YELENA KHANEVSKAYA
BIOGRAPHY
Yelena Khanevskaya was born and raised in Russia. Since childhood she was greatly interested in art and received her first art training in Children’s Art School in Novomoskovsk, Russia. After graduating from there and completing high school, Yelena was accepted into Oryol State Pedagogical University where she completed my Masters of Art Education degree. The artistic training in Russia followed academic traditions, and for 5 years she, with other students, was subjected to rigorous studies of drawing, painting, and sculpting techniques, beginning with plaster casts and inanimate objects, and continuing to the study of human skeletal and muscular structure, and culminating with human body. Compositional studies and Art History, as well as introduction to a number of folk art traditions, were also implemented throughout the years of study.
After graduation, Yelena worked as an artist on silk before moving to United States. It is here, in the United States, that Yelena started to paint and draw professionally. While working on honing her own artistic skills, she also taught children’s and adult group art classes. Yelena continues to offer private and small group instruction to local artists, as well as offering commissions, mainly in portraiture and landscape.
Over the years Yelena participated in a large number of local and regional group and juried art shows, such as Oregon Trail Days Art Show and Sale; as well as museum shows, such as the Western Spirit Art Show in Cheyenne, WY, Nebraskaland Days show at Prairie Arts Center, North Platte, NE, and Sprit show at MONA, NE. Besides these, Yelena had a number of solo exhibits over the years at West Nebraska Arts Center, Carnegie Arts Center, Norfolk Arts Center, Burkholder Project and others.

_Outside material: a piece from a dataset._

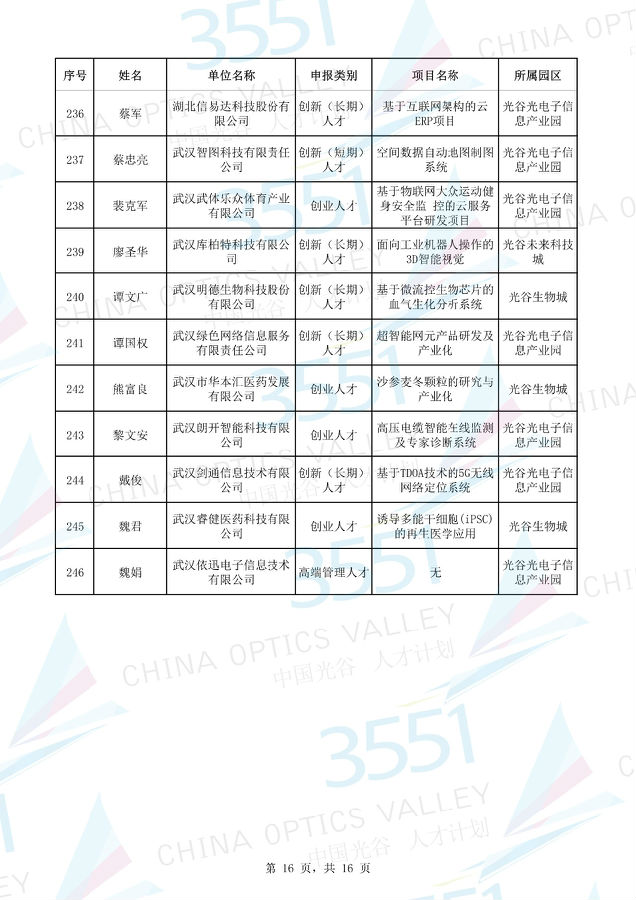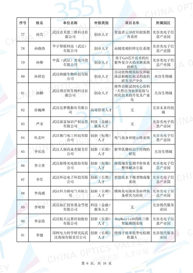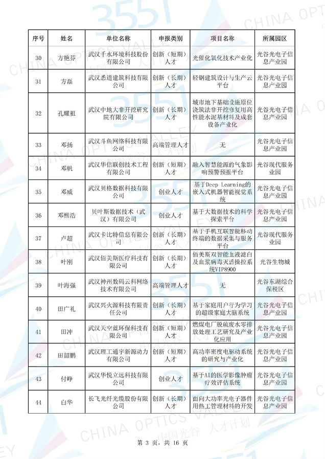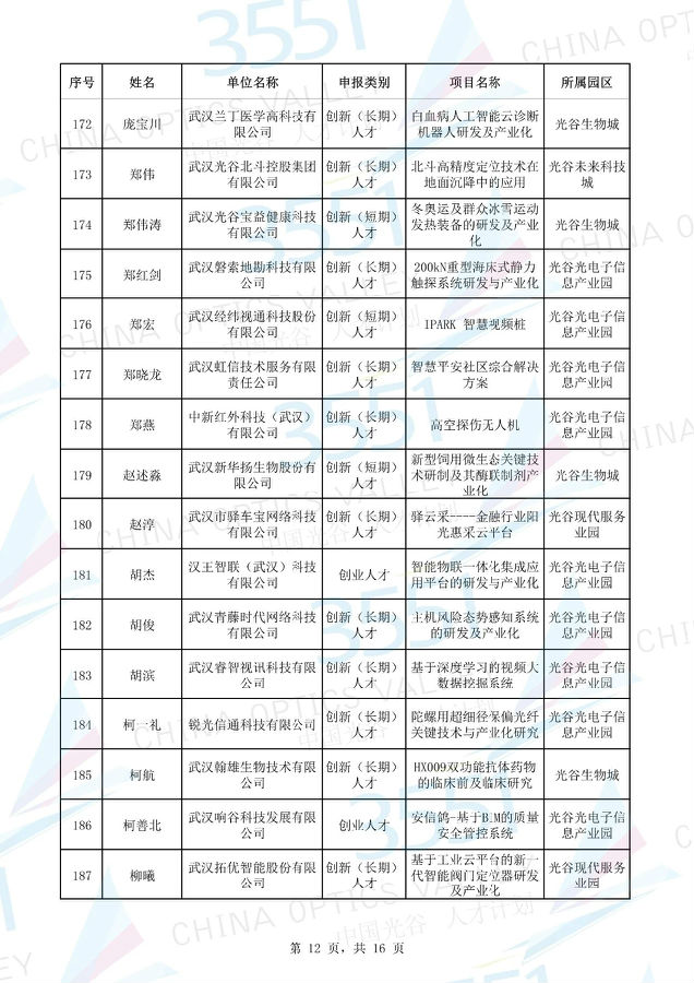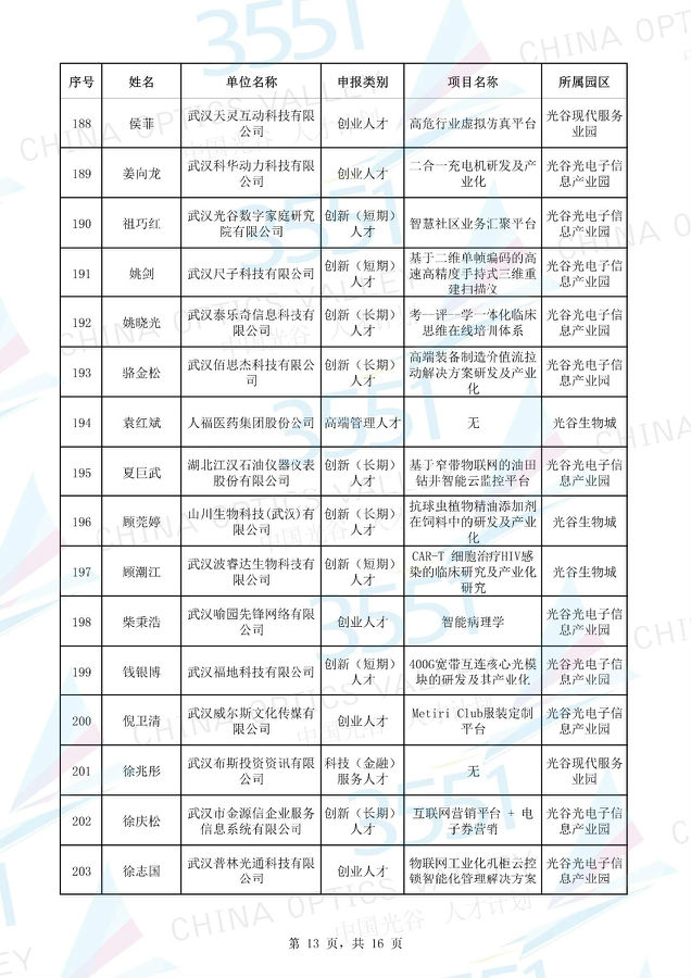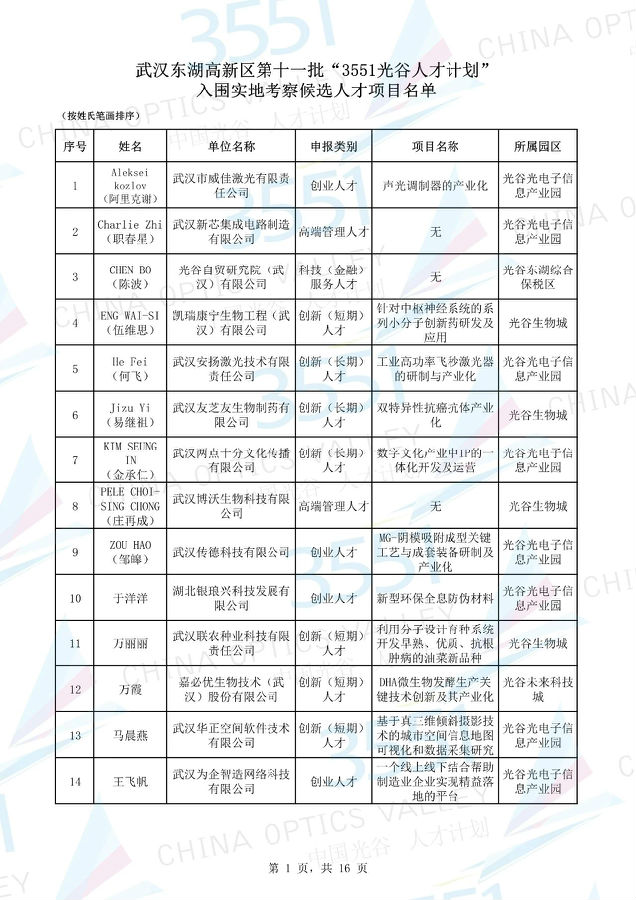 附:武漢東湖高新區(qū)第十一批“3551光谷人才計(jì)劃”入圍實(shí)地考察候選人才項(xiàng)目名單

For the last couple of years, Yelena has been running Studio 7 – a working studio and gallery downtown Scottsbluff, NE, where she teaches a number of private students, workshops, and exhibits her art. Yelena is represented by several art galleries in the Midwest.
ARTIST STATEMENT: ONE HUNDRED WESTERN SKIES (Currently featured at Gallery 9)
The One Hundred Western Skies series grew out of what became a daily ritual for me during COVID: doing a small sky painting. During this time when we were all confined to our homes, living as close to nature as I do provided me an opportunity to spend more time outdoors in different times of the day than I would normally have during school year. I had more chances to catch so many fleeting moments when slight shift of colors happens in the sky, when the patterns of clouds against the stark blue form fantastical creatures, during the magical ‘golden hour,’ when the glow of the sun, already beyond the horizon, casts unimaginable filters over the land...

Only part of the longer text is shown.